Report: 82% of end users will specify Cat 6 next time
Avaya Inc. (www.avaya.com) announced that the company's own research shows 82% of enterprise network decision makers surveyed will specify Category 6 cabling in their next installation.
The report, "Cabling Infrastructure: Ready for Tomorrow's Network Traffic or Heading for Congestion," surveyed more than 2,000 organizations in 38 countries, spanning organizations with between 50 and 10,000 network users. The report found that 28% of the sample have already installed Category 6.
"Cabling that meets Category 6 standards gives businesses the infrastructure performance they need to increase productivity through greater use of networked systems," the company said in a release announcing the survey results. "It enables the reliable, high-speed communication essential to handle the extra traffic generated by greater use of networked, productivity-enhancing software."
Avaya says this extra performance is of particular value with applications such as video and Voice over IP, which demand support of 1 Gbit/sec transmission. The company added that its research shows 19% of respondents were already using videoconferencing and 27% intend to increase their use of multimedia video applications, including videoconferencing.
The research also showed that network downtime, together with moves, adds, and changes, is costing businesses millions of dollars in lost productivity. From research data, Avaya estimates that downtime is costing companies with more than 7,500 network users an average of $5.5 million annually in lost employee productivity.

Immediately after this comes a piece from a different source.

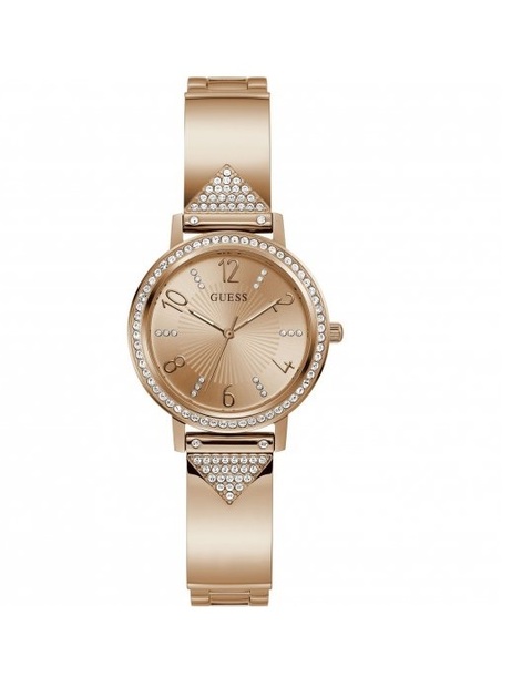 Rose gold-tone stainless steel case and bracelet. Fixed rose gold-tone stainless steel bezel. Rose gold-tone dial with rose gold-tone hands and Arabic numeral hour markers. Dial Type: Analog. Quartz movement. Scratch resistant mineral crystal. Pull / push crown. Round case shape, case size: 32 mm, case thickness: 8 mm. Band width: 9 mm, band length: 7.5 inches. G-link clasp. Water resistant at 30 meters / 100 feet. Functions: hour, minute, second. Tri Luxe Series. Dress watch style. Guess Tri Luxe Rose Gold-tone Dial Ladies Watch GW0474L3.

Network downtime was cited as the issue of greatest concern more often than any other; 26% of respondents said downtime was the most likely network issue to keep them awake at night, and another 15% said degraded network performance was their biggest worry.
"Network downtime experienced by users of Category 6 cabling was less than among users of Category 5 and 5e solutions," Avaya says. "Among the global sample, only 8% of Category 6 users experience more than five hours of downtime a month-compared with 11% among users of Category 5 and 5e."
"Respondents who said downtime had a major impact on productivity were the most likely to be deploying fast networking technology in the horizontal, but their deployment of Category 6 cabling was only marginally above the average for all respondents," said Dennis Curtis, vice president and general manager of Avaya Connectivity Solutions. "As a result, when traffic levels grow, some of these organiations may find their cabling has too little headroom to avoid long wait times and poor streaming media quality when traffic peaks."
Thirty-eight percent of respondents put product quality at the top of their list of priorities-twice as many as the next commonly named criterion, technical performance.
Avaya's research also included network protocols in deployment and planned for deployment. "Gigabit Ethernet is now used by 31% of respondents in the LAN horizontal," Avaya says. "Within five years, 73% anticipated using this 1-Gbit/sec technology. Notably, 26% of respondents expected to adopt even faster 10-Gbit/sec connections in horizontal applications, indicating a very high demand for speed and reliability in network infrastructures.
"In the backbone, the shift to 10-Gbit/sec technology has already begun," Avaya continues. "Currently 7.2% of the global sample said they were using 10 Gigabit Ethernet, and 4.4% said they were using 10-Gbit/sec laser-optimized multimode fiber cabling in the backbone. Rapid acceleration in the use of 10 Gbits/sec in the backbone is anticipated in the next five years, with 59% of respondents expecting to deploy it in their backbone by then."
Avaya further reports that despite the high proportion intending to adopt 10-Gbit/sec technology in the backbone, only 21% were aware that new standards for 10-Gbit/sec laser-optimized multimode fiber had been ratified.
"Low awareness of the new fiber standards suggests some managers lack the information they need to make the right decisions in this area," Curtis said.